Through these stories, I attempt to reimagine the meanings of aatma nirbharta for these people of the hills and forests. The elderly Baiga woman, the navigator of the forest, when asks me if I can find my way out of the forest if left alone, isn’t just asking a rhetorical question but is also conveying something about her own sense of aatma nirbharta within this setting. The Baiga is aware of the various life-forms with which it inhabits the forest and has a mapping of its own for that. My women companions at Kandawaani would tell (and know) the exact locations where one might find a particular species of the forest. This kind of navigation of the forest, perhaps, constitutes the Baiga’s aatma nirbharta. When the times become tough, be it for hunger or sickness, the Baiga tunes into the songs of the forest. In one of his most recent publications[4] Kancha Ilaiah Shepherd, whose grandparents lived in the princely state of Hyderabad (now Telangana) and were shepherds, narrates his grandparents coping mechanisms in response to the Bubonic Plague which had hit undivided India during the year 1897. Shepherd’s grandparents like many other peasant communities of those times retreated deeper into the forests where they could ensure distance from the disease. In this process, they developed their own community associations and survived through the forests which provided them an indispensable means to life.

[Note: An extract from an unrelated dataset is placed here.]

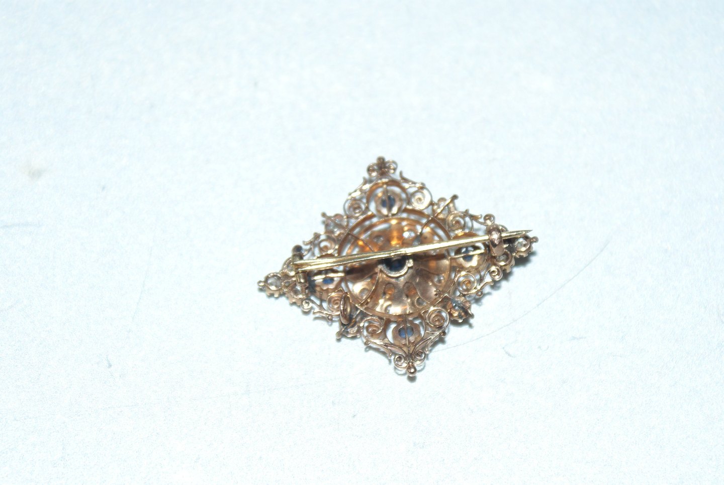 Broche med safir og brillianter i 14 karat Guld

The article tries to say two important things: (1) one may say, that the dongar (the forest hill) is the other meaning of aatma nirbharta which has hitherto remained understated in the grand narratives on some of our people(s) of the hills and forests. We may find several such other meanings in the world (see, Pluriverse by Kothari et all.). (2) The Baiga way of life is perhaps a small window for us to realize 'nature as the largest producer'; to realize that the self-reliant and self-sustainable present of the Baiga (and other such adivasis) could be a possible way ahead for tomorrow. Perhaps we have been delusional in believing modern factory units as the sites of production, and thus obliterating ‘nature’ into the background. Allotting handsome packages of money for setting up more of these sites and creating distribution chains to connect the local to the global couldn’t be our national imagination, or let’s say the only imagination, of aatma nirbharta. Maybe we can turn towards our hinterlands to understand what aatma nirbharta may even mean.
I seek to now take the reader through the second part (Part 2) of this article i.e. through a photographically illustrative tour wherein I attempt to present a tiny fraction of the rich range of life that the Baiga’s forest supports. I take this tour as a glimpse into (an)other meaning of aatma nirbharta that gets constituted through the forests. This my experience of 'what life with the forest-dwelling Baiga may look like'.
Footnotes
[1] Mr. Prime Minister’s public address on 02-June-2020 puts emphasis on the need to promote the local and work towards building distribution chains such that this local can be made global. It was stated that the local needs to be vocal.
[2] Located in Samnapur block of Dindori (Madhya Pradesh)
[3] January 2018 - February 2018, July 2018- August 2018 & January 2019 - May 2019
[4] The April issue of the magazine Down To Earth features Shepherd’s interview titled as ‘Sufferers Then Sufferers Now’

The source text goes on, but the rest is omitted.